▶ [Stored data]
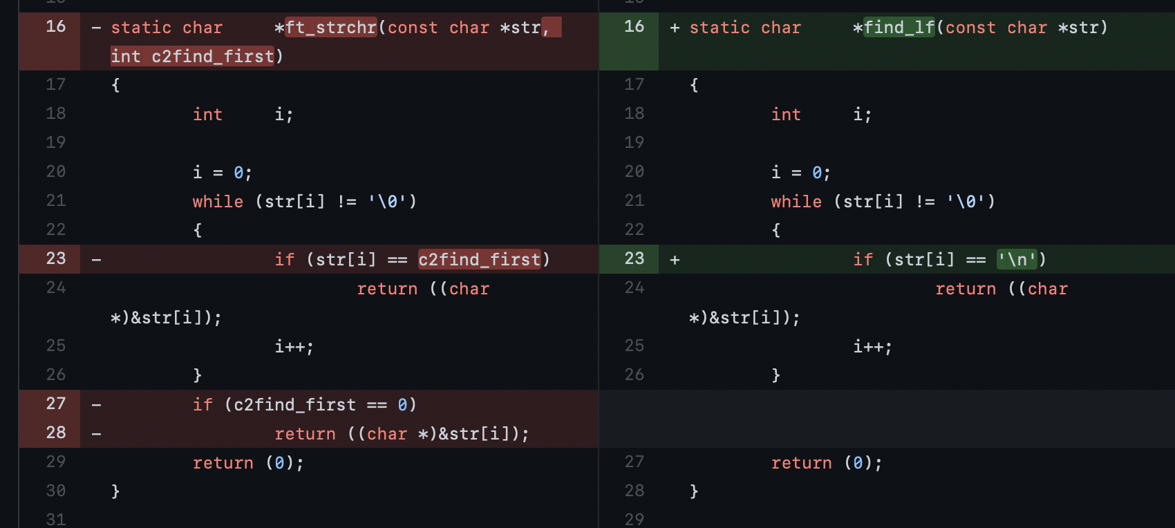 이전 C표준 라이브러리를 구현하는 과제에서 만든 ft_strchr()(manual 기준, strchr()와 동일하게 작동한다)를 그대로 가져와서 썼었는데, 그러다 보니 가로줄 제한에서 아주 큰 몫을 차지했다! 어떻게 가로줄을 줄일지 보고 있는데, 마침 이 함수를 쓸 때가 문자열 내에 개행문자('\n', LF라고도 함)가 있는지를 확인 할 때 뿐이어서, 함수의 이름도 살짝 줄이고, 두번째 인자를 받지 않게 함으로서 가로줄을 줄일 수 있었다. -> 두번째 인자를 받지 않음으로서, if조건문도 하나 줄게 되었다.-> 굳이 여러 케이스에 대해 쓰지 않을 함수는 딱 제 역할만 하게끔 만드는게 좋겠다 하는 생각도 들었다.
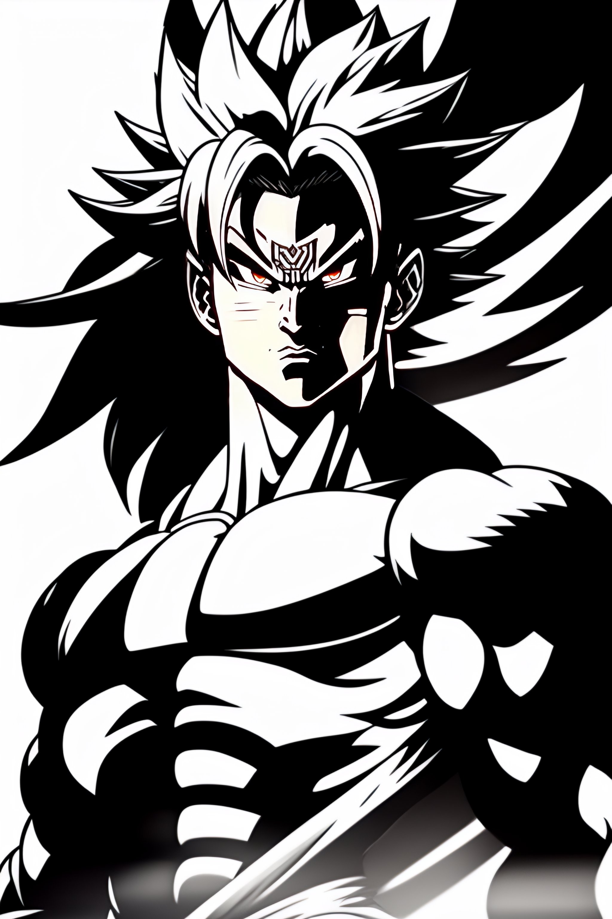 Lexica Dibujo a lapiz blanco y negro de goku en el templo de
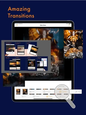 • Pick your photos • Organize them in the right order (Long tap a photo and drag to reorder it) • Select a transition to animate between photos • Choose your favorite music from our gallery or your own songs. • Select the slideshow's length to change the duration per photo. • Share it on Facebook, Instagram, Snapchat, YouTube or save it to your camera roll.
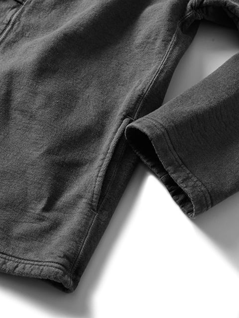 全体に施した二本針縫製による頑丈なステッチの凹凸に、Pigment Dye (顔料染め) 特有のアタリが加わることで味のある表情を生み出し、スウェットの生地感やカジュアル感を引き締めて無骨な雰囲気に見せています。フロントループボタンも100%コットン製となっており、ボディと共に顔料染めを施すことで、個性的なデザインをワンカラーにまとめてシンプルに仕上げています。ピグメント染めによるヴィンテージ品のような擦れた色合いは、着用と洗濯を繰り返していくことで徐々に色褪せし更に風合いが増していくので、長く愛用するほどに味わいのある唯一無二の一着となっていきます。
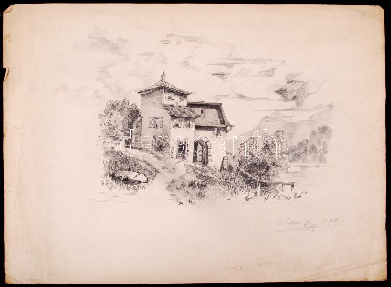 Bónis Judith: Ház a folyó mellett (1898). Ceruza, papír, jelzett, 15×2... https://www.darabanth.com/hu/199-Gyorsarveres/199.0/Festmeny-mutargy-papirregiseg-egyeb/Festmenyek-es-grafikak~1/Bonis-Judith-Haz-a-folyo-mellett-1898-Ceruza-papir-jelzett-15C39721-cm~II775057
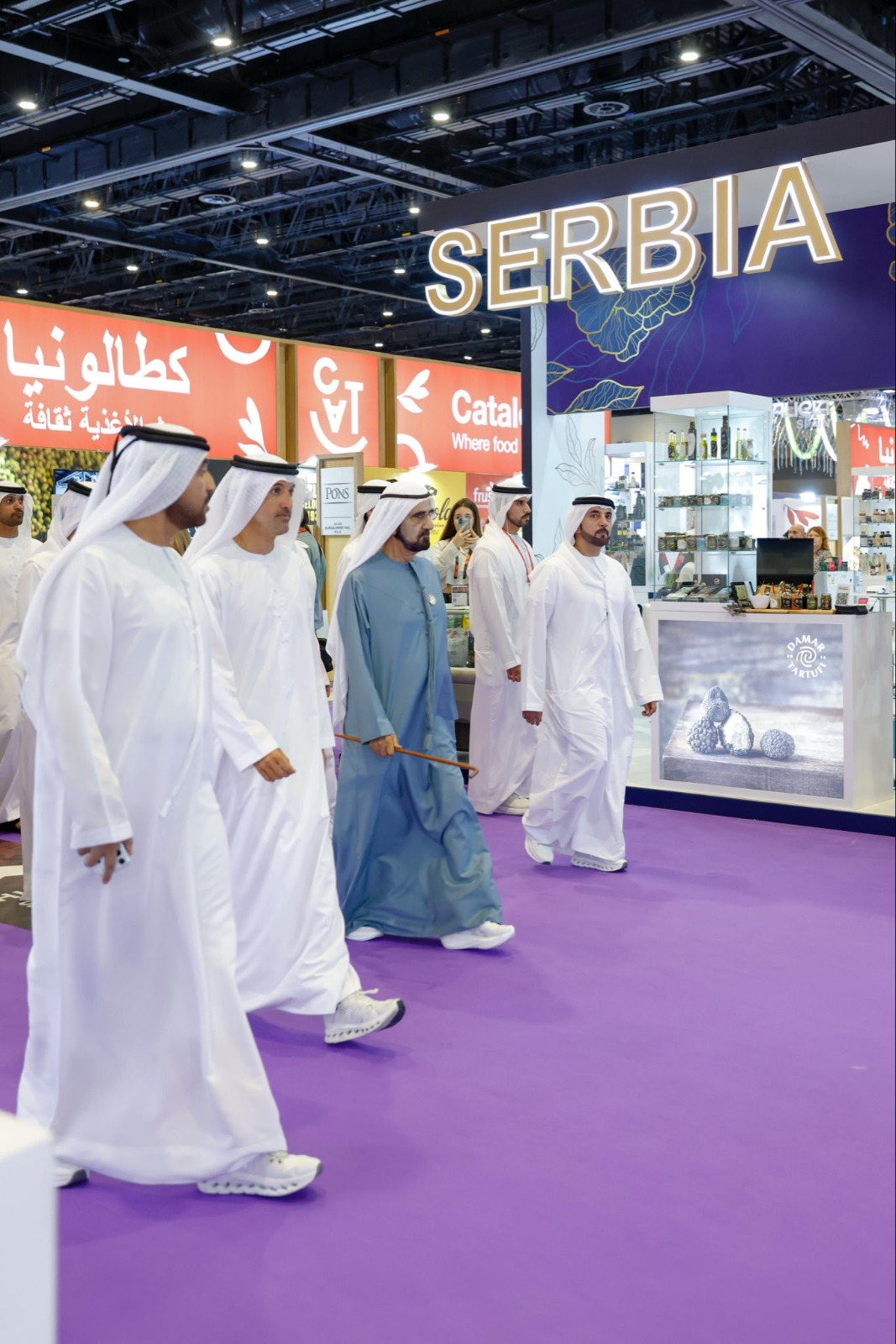 وحرص صاحب السموّ نائب رئيس الدولة رئيس مجلس الوزراء حاكم دبي، خلال زيارته لمركز دبي للمعارض (DEC) في مدينة إكسبو دبي، التي رافقه فيها سمو الشيخ مكتوم بن محمد بن راشد آل مكتوم، النائب الأول لحاكم دبي، نائب رئيس مجلس الوزراء، وزير المالية، و سموّ الشيخ أحمد بن محمد بن راشد آل مكتوم، النائب الثاني لحاكم دبي، وسمو الشيخ منصور بن محمد بن راشد آل مكتوم، رئيس اللجنة الأولمبية الوطنية، ومعالي هلال سعيد المرّي، المدير العام لسلطة مركز دبي التجاري العالمي ودائرة الاقتصاد والسياحة في دبي، على تفقّد عدد من أجنحة الدول المشاركة، اطّلع خلالها على أبرز ما تقدمه من منتجات غذائية وحلول مبتكرة تعكس تنوّع الأسواق العالمية، والدور المحوري للمعرض في دعم تجارة الغذاء وتعزيز كفاءة سلاسل الإمداد.

▶ [Exercise aim] Please give every line above again word for word, apart from the pictures.

▶ [Solution]
 이전 C표준 라이브러리를 구현하는 과제에서 만든 ft_strchr()(manual 기준, strchr()와 동일하게 작동한다)를 그대로 가져와서 썼었는데, 그러다 보니 가로줄 제한에서 아주 큰 몫을 차지했다! 어떻게 가로줄을 줄일지 보고 있는데, 마침 이 함수를 쓸 때가 문자열 내에 개행문자('\n', LF라고도 함)가 있는지를 확인 할 때 뿐이어서, 함수의 이름도 살짝 줄이고, 두번째 인자를 받지 않게 함으로서 가로줄을 줄일 수 있었다. -> 두번째 인자를 받지 않음으로서, if조건문도 하나 줄게 되었다.-> 굳이 여러 케이스에 대해 쓰지 않을 함수는 딱 제 역할만 하게끔 만드는게 좋겠다 하는 생각도 들었다.
 Lexica Dibujo a lapiz blanco y negro de goku en el templo de
 • Pick your photos • Organize them in the right order (Long tap a photo and drag to reorder it) • Select a transition to animate between photos • Choose your favorite music from our gallery or your own songs. • Select the slideshow's length to change the duration per photo. • Share it on Facebook, Instagram, Snapchat, YouTube or save it to your camera roll.
 全体に施した二本針縫製による頑丈なステッチの凹凸に、Pigment Dye (顔料染め) 特有のアタリが加わることで味のある表情を生み出し、スウェットの生地感やカジュアル感を引き締めて無骨な雰囲気に見せています。フロントループボタンも100%コットン製となっており、ボディと共に顔料染めを施すことで、個性的なデザインをワンカラーにまとめてシンプルに仕上げています。ピグメント染めによるヴィンテージ品のような擦れた色合いは、着用と洗濯を繰り返していくことで徐々に色褪せし更に風合いが増していくので、長く愛用するほどに味わいのある唯一無二の一着となっていきます。
 Bónis Judith: Ház a folyó mellett (1898). Ceruza, papír, jelzett, 15×2... https://www.darabanth.com/hu/199-Gyorsarveres/199.0/Festmeny-mutargy-papirregiseg-egyeb/Festmenyek-es-grafikak~1/Bonis-Judith-Haz-a-folyo-mellett-1898-Ceruza-papir-jelzett-15C39721-cm~II775057
 وحرص صاحب السموّ نائب رئيس الدولة رئيس مجلس الوزراء حاكم دبي، خلال زيارته لمركز دبي للمعارض (DEC) في مدينة إكسبو دبي، التي رافقه فيها سمو الشيخ مكتوم بن محمد بن راشد آل مكتوم، النائب الأول لحاكم دبي، نائب رئيس مجلس الوزراء، وزير المالية، و سموّ الشيخ أحمد بن محمد بن راشد آل مكتوم، النائب الثاني لحاكم دبي، وسمو الشيخ منصور بن محمد بن راشد آل مكتوم، رئيس اللجنة الأولمبية الوطنية، ومعالي هلال سعيد المرّي، المدير العام لسلطة مركز دبي التجاري العالمي ودائرة الاقتصاد والسياحة في دبي، على تفقّد عدد من أجنحة الدول المشاركة، اطّلع خلالها على أبرز ما تقدمه من منتجات غذائية وحلول مبتكرة تعكس تنوّع الأسواق العالمية، والدور المحوري للمعرض في دعم تجارة الغذاء وتعزيز كفاءة سلاسل الإمداد.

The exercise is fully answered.